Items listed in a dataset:
>>>

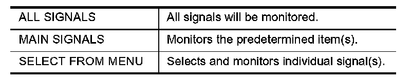2. Touch "ALL SIGNALS", "MAIN SIGNALS" or "SELECT FROM MENU" on the "DATA MONITOR" screen.
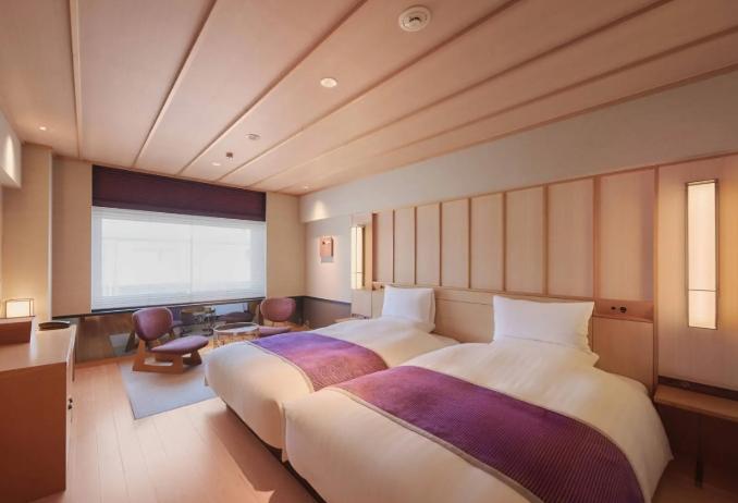 - 房間 & 荷包: 雙人房 (無窗/有窗) 淡季約 ¥15,000 - ¥25,000/晚;高階雙床房 淡季約 ¥22,000 - ¥35,000/晚 (價格浮動大,櫻花楓葉季翻倍是常態)。房間大小在車站旁算OK了,商務型,該有的都有。
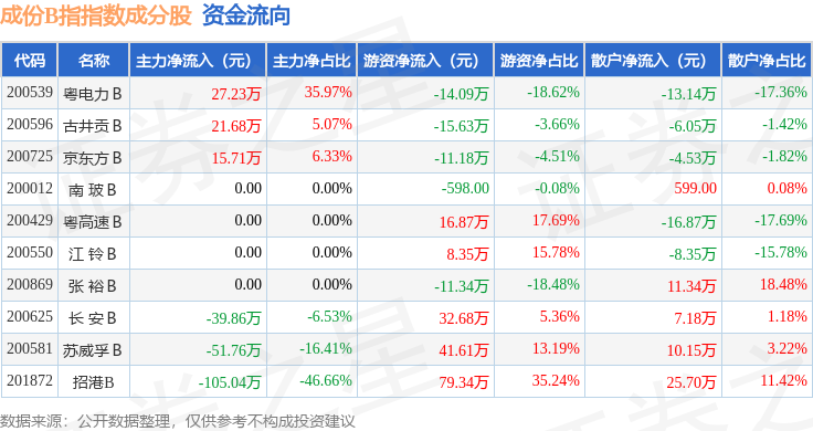 资金流向方面,成份B指(399003)指数成份股当日主力资金净流出合计132.05万元,游资资金净流入合计126.55万元,散户资金净流入合计5.5万元。成份股资金流向详情见下表:
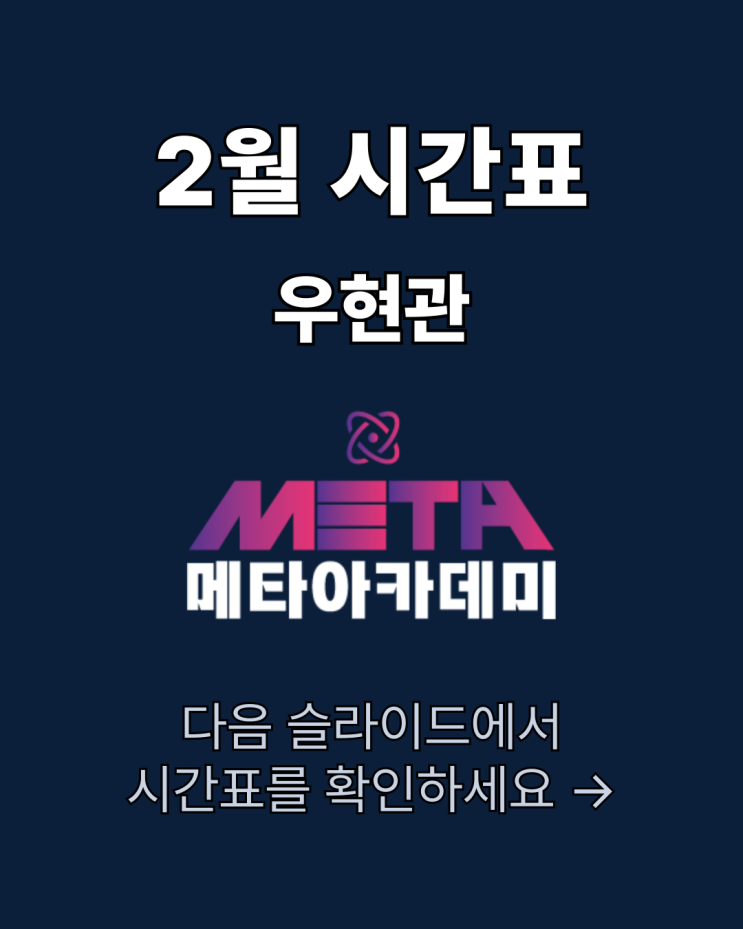 수학, 과학 전문학원 메타아카데미입니다. 2월 시간표가 나왔으니 확인 부탁드립니다. ( 시간표에 없더라도 수업을 원하시면 상담주세요. ) <img src="https://blogthumb.pstatic.net/MjAyNjAxMzBfMzkg/MDAxNzY5NzY4OTc5Njgz.OAFLmtiUfGsTajLwVwqd4pXmkgqIdRLfCX-ZOkFrB4wg.pjW5qlAHczX0Z0LQ82tk72e42lhvHoDdRzgZkf2h91cg.PNG/006.png?type=s3" />
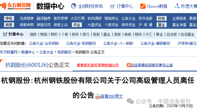 10月25日,杭钢股份发布了关于公司高级管理人员离任的公告。
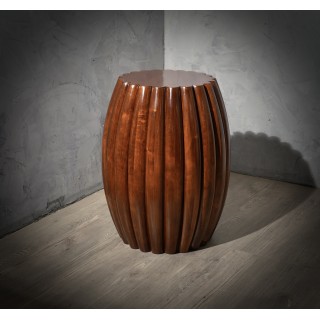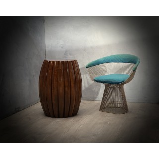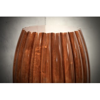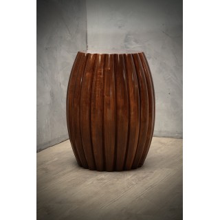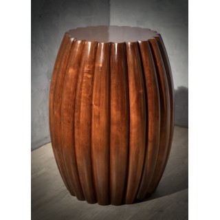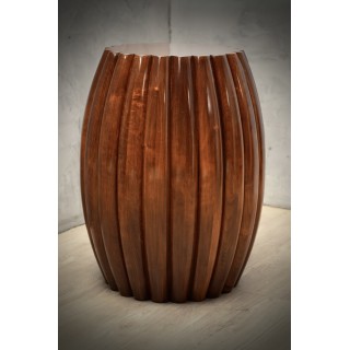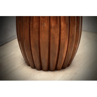 La coppia di tavolini è di forma rotonda, e tende ad allargarsi nella parte centrale. Longitudinalmente presenta una particolarissima nervatura che caratterizza tutto il tavolo, un design molto particolare e tutto italiano nella sua unicità. Il loro colore è molto vivace e caldo, e permette di abbinarli a tutto. Il suo design è ricco e fa sentire la sua presenza, in modo da caratterizzare tutta la stanza in cui saranno accolti. Misure ( diametro 53, H 70 ). Inches ( diameter 21, H 28 ).
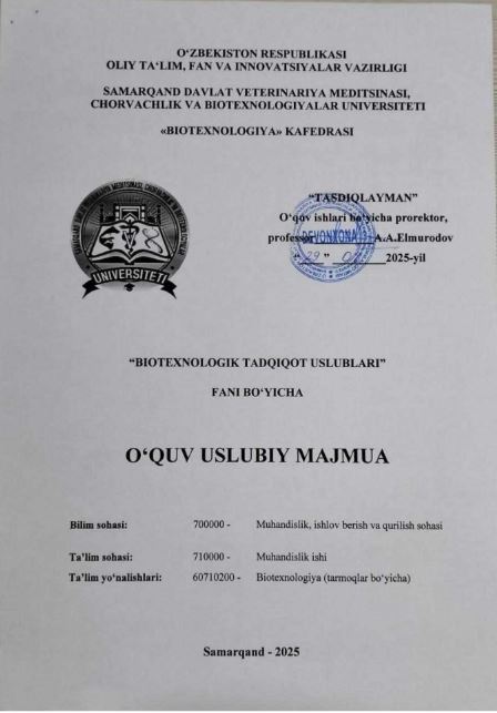 BIOTEXNOLOGIK TADQIQOT USLUBLARI
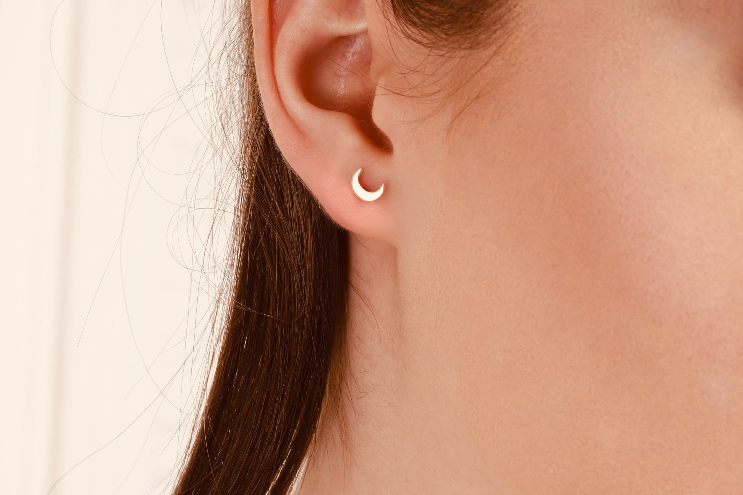 Lunar Embrace; Half Moon Earrings in 14k Solid Gold
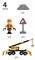 В набор входит большой подъёмный кран, фигурка человечка-дорожного рабочего, груз и дорожный знак. У подъёмного крана вращается кабина, поднимается и раздвигается стрела с магнитным держателем. Кран может поднимать любые грузы деревянной железной дороги BRIO и грузить их на грузовые железнодорожные вагоны или грузовые машины.
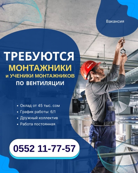 Требуются монтажники и ученики монтажников по вентиляции Оклад - от 45000сом Г

<<<

• **Your objective**: Keep the pictures out while you retype all of the data above exactly as it appears.

• **Reply to the exercise**:
2. Touch "ALL SIGNALS", "MAIN SIGNALS" or "SELECT FROM MENU" on the "DATA MONITOR" screen.
 - 房間 & 荷包: 雙人房 (無窗/有窗) 淡季約 ¥15,000 - ¥25,000/晚;高階雙床房 淡季約 ¥22,000 - ¥35,000/晚 (價格浮動大,櫻花楓葉季翻倍是常態)。房間大小在車站旁算OK了,商務型,該有的都有。
 资金流向方面,成份B指(399003)指数成份股当日主力资金净流出合计132.05万元,游资资金净流入合计126.55万元,散户资金净流入合计5.5万元。成份股资金流向详情见下表:
 수학, 과학 전문학원 메타아카데미입니다. 2월 시간표가 나왔으니 확인 부탁드립니다. ( 시간표에 없더라도 수업을 원하시면 상담주세요. ) <img src="https://blogthumb.pstatic.net/MjAyNjAxMzBfMzkg/MDAxNzY5NzY4OTc5Njgz.OAFLmtiUfGsTajLwVwqd4pXmkgqIdRLfCX-ZOkFrB4wg.pjW5qlAHczX0Z0LQ82tk72e42lhvHoDdRzgZkf2h91cg.PNG/006.png?type=s3" />
 10月25日,杭钢股份发布了关于公司高级管理人员离任的公告。
 La coppia di tavolini è di forma rotonda, e tende ad allargarsi nella parte centrale. Longitudinalmente presenta una particolarissima nervatura che caratterizza tutto il tavolo, un design molto particolare e tutto italiano nella sua unicità. Il loro colore è molto vivace e caldo, e permette di abbinarli a tutto. Il suo design è ricco e fa sentire la sua presenza, in modo da caratterizzare tutta la stanza in cui saranno accolti. Misure ( diametro 53, H 70 ). Inches ( diameter 21, H 28 ).
 BIOTEXNOLOGIK TADQIQOT USLUBLARI
 Lunar Embrace; Half Moon Earrings in 14k Solid Gold
 В набор входит большой подъёмный кран, фигурка человечка-дорожного рабочего, груз и дорожный знак. У подъёмного крана вращается кабина, поднимается и раздвигается стрела с магнитным держателем. Кран может поднимать любые грузы деревянной железной дороги BRIO и грузить их на грузовые железнодорожные вагоны или грузовые машины.
 Требуются монтажники и ученики монтажников по вентиляции Оклад - от 45000сом Г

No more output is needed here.